TASK TO CARRY OUT. Would you please write out only the lines running from the top of the listing through the one holding "- HIGH QUALITY", exactly, with both ends kept and pictures left out?
** Opening STORED DATA block **
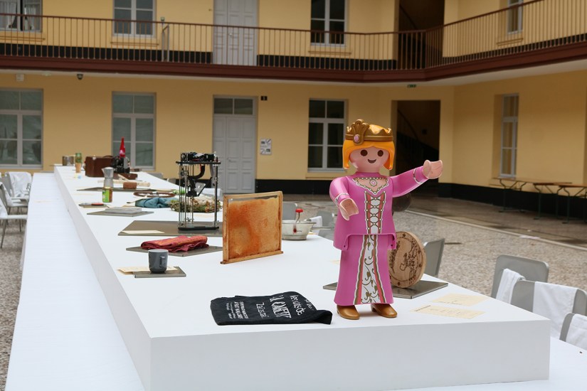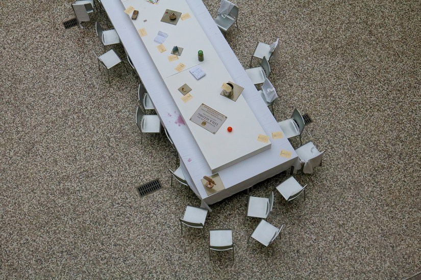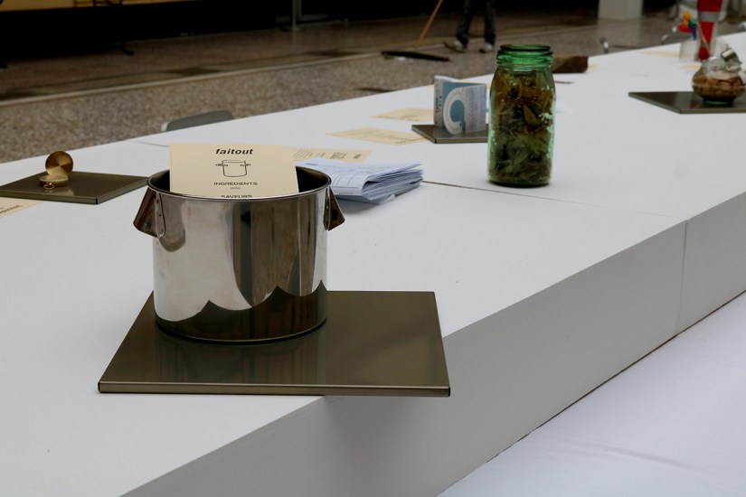 Praticables, nappe en coton, socle en bois, 80 chaises aluminium Norman Foster, 39 objets issus d’un protocole de collecte,39 fiches descriptives, 30 plateaux en aluminium.
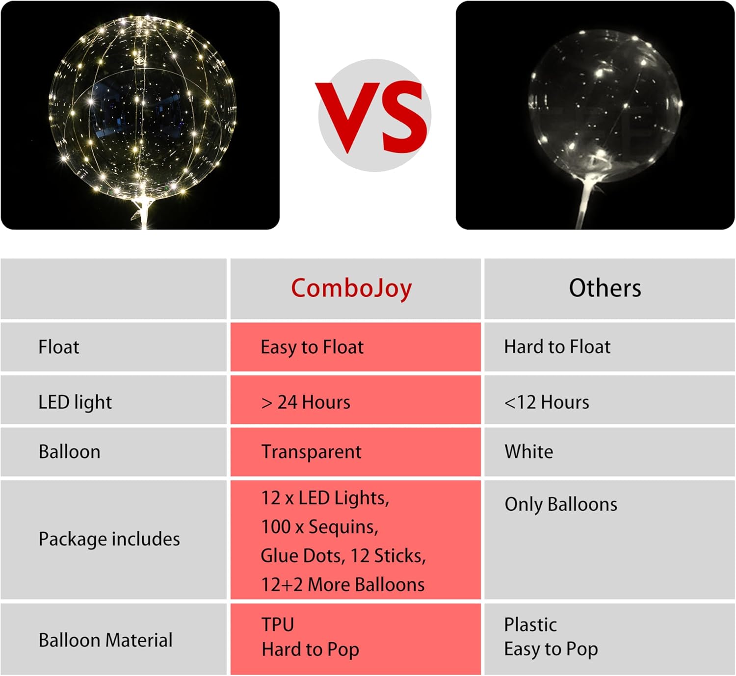 - HIGH QUALITY - Our clear balloons with lights are made of high quality TPU. It's easy to pump up and light weight. Pumped with helium, light balloons can float even wrapped with LED strings. LED lights last for more than 24 hours and balloon holds helium for more than 3 days
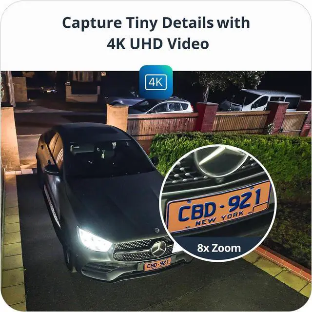 4K Ultra HD & Full-Color Night Vision: Experience crystal-clear video quality with 4K (3840×2160) and 8× zoom, capturing faces and license plates with precision, day or night. The f/1.6 lens and 140° wide-angle view help reduce blind spots, while advanced full-color night vision (up to 40ft) reveals potential threats in vivid detailnot just grainy shadows. The motion-activated spotlight enhances visibility, deters intruders, which further secures your home
** Closing STORED DATA block **
TASK RESPONSE.
 Praticables, nappe en coton, socle en bois, 80 chaises aluminium Norman Foster, 39 objets issus d’un protocole de collecte,39 fiches descriptives, 30 plateaux en aluminium.
 - HIGH QUALITY - Our clear balloons with lights are made of high quality TPU. It's easy to pump up and light weight. Pumped with helium, light balloons can float even wrapped with LED strings. LED lights last for more than 24 hours and balloon holds helium for more than 3 days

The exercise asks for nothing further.